The upperbound on the threshold satisfies requirement 2)
The threshold goes up in value when the application frees memory that was allocated with the mmap allocator. The idea is that once the application starts freeing memory of a certain size, it’s highly probable that this is a size the application uses for transient allocations. This estimator is there to satisfy the new third requirement.
So, ptmalloc got smart, and appears to have opened itself up to a serious fragmentation problem due to some inadequacy in its data segment layout policies. Here’s a simple fix that disables the sliding threshold:
mallopt(M_MMAP_THRESHOLD, 128*1024);
How did I fail to consider this possibility for two whole days?
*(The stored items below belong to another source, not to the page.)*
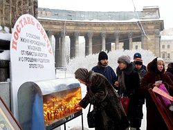 Несмотря на морозный день, многие прохожие подходили к участникам стояния и, ознакомившись с содержанием сопроводительных стендов, ставили свечи. Некоторые задерживались, чтобы помолиться.
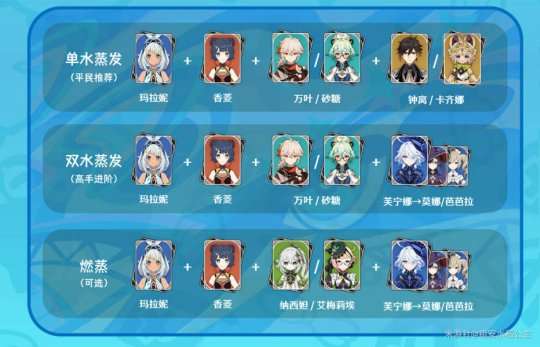 如果你觉得双水队不稳定,但是又不想用草系替代风系,那么你可以考虑换成岩系角色。岩系角色对蒸发反应影响不大,而且可以带贪攀岩套的增伤。攀岩钟离还能提供减抗增伤和护盾。所以单水队可以稳定蒸发,同时还能享受风系聚怪的乐趣,还有钟离提供的安全感。因此,我在单水队下面加了备注,推荐给平民使用。如果没有钟离,可以考虑使用卡齐娜来替代。卡齐娜作为纳塔角色,有夜魂机制,可以搭配勇者套拐增伤。同时作为一个岩系角色,还可以产生结晶。追求极限伤害的旅行者可以使用勇者卡齐娜搭配磐岩或者教官香菱。
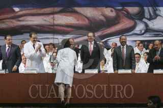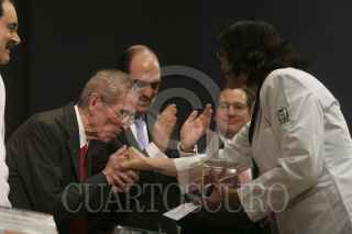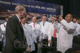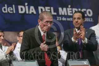 MÉXICO, D.F., 23OCTUBRE2012.- Jesús Kumate, médico cirujano egresado de la Escuela Médico Militar en 1946, y doctor en Ciencias por la Escuela Nacional de Ciencias Biológicas del Instituto Politécnico Nacional. Se ha especializado en investigación en infectología pediátrica y ha ejercido como catedrático en la Escuela Médico Militar, en la Facultad de Medicina de la Universidad Nacional Autónoma de México y en la Escuela Nacional de Ciencias Biológicas del Instituto Politécnico Nacional. Es autor de Manual de Infectología (1973-2001), La salud de los mexicanos y la medicina en México (1977), Salud para todos. ¿Utopía o realidad? (1989), La ciencia en la Revolución francesa (1991); Investigación clínica, Cenicienta y Ave Fénix (1987, 1995), El cólera (1993), Sistemas Nacionales de Salud en las Américas (1994) e Italia en la Medicina (1997), entre otros libros y artículos científicos. Durante la ceremonia institucional del Día del Médico en el auditorio del Centro Médico. FOTO: JUAN PABLO ZAMORA /CUARTOSCURO.COM
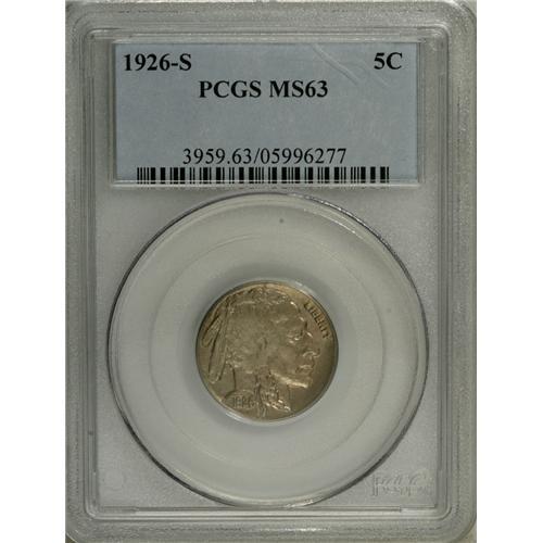 <B>1926-S 5C MS63 PCGS.</B></I> This satiny example exhibits smooth, nearly mark-free surfaces, with typical cream-gray color that is imbued with faint greenish undertones, and a few instances of faint coral-orange border toning. The design details are decently produced, with typical minor weakness noted near the obverse center and on the bison's head and shoulder. Long acknowledged as the key date of the business strike Buffalo nickels.<BR><BR><b>Shipping:</b> Coin/Currency (<a target="_blank" href="http://www.heritageauctions.com/common/shipping.php">view shipping information</a>)

There are a few contributing factors:
So there you have it: I’ve been schooled, and not in a pretty way.
Why did you need special alignment?
The special alignment requirement (64-byte alignment) is due to concurrently processing the vectors with pthreads. It’s important to avoid modifying the same L1 cache line in more than one thread. In practice, this is not an issue except with small vectors, since all modern allocators use page alignment for those that exceed one page.
latest glibc malloc release makes malloc to be more scalable.
glibc 2.10 news: http://udrepper.livejournal.com/20948.html
code: http://sourceware.org/git/?p=glibc.git;a=tree;f=malloc
-thanks-
regards,
Hi, Jason! I wonder did you use http://www.canonware.com/download/jemalloc/ versions ( # jemalloc_linux_20080827a.tbz
# jemalloc_linux_20080828a.tbz ) or a newer one? :-)
xose, “more scalable” doesn’t mean to be “more effective” in terms of memory fragmentation (what’s happened to be the matter of Jason’s posting).
poige, I used the same jemalloc sources as are available in jemalloc_linux_20080828a.tbz.
Too bad the new glibc malloc seems to be totally broken in heavily threaded code.
https://bugzilla.redhat.com/show_bug.cgi?id=504963
I’d be happier if it was a bug in my code, because then I could actually fix it.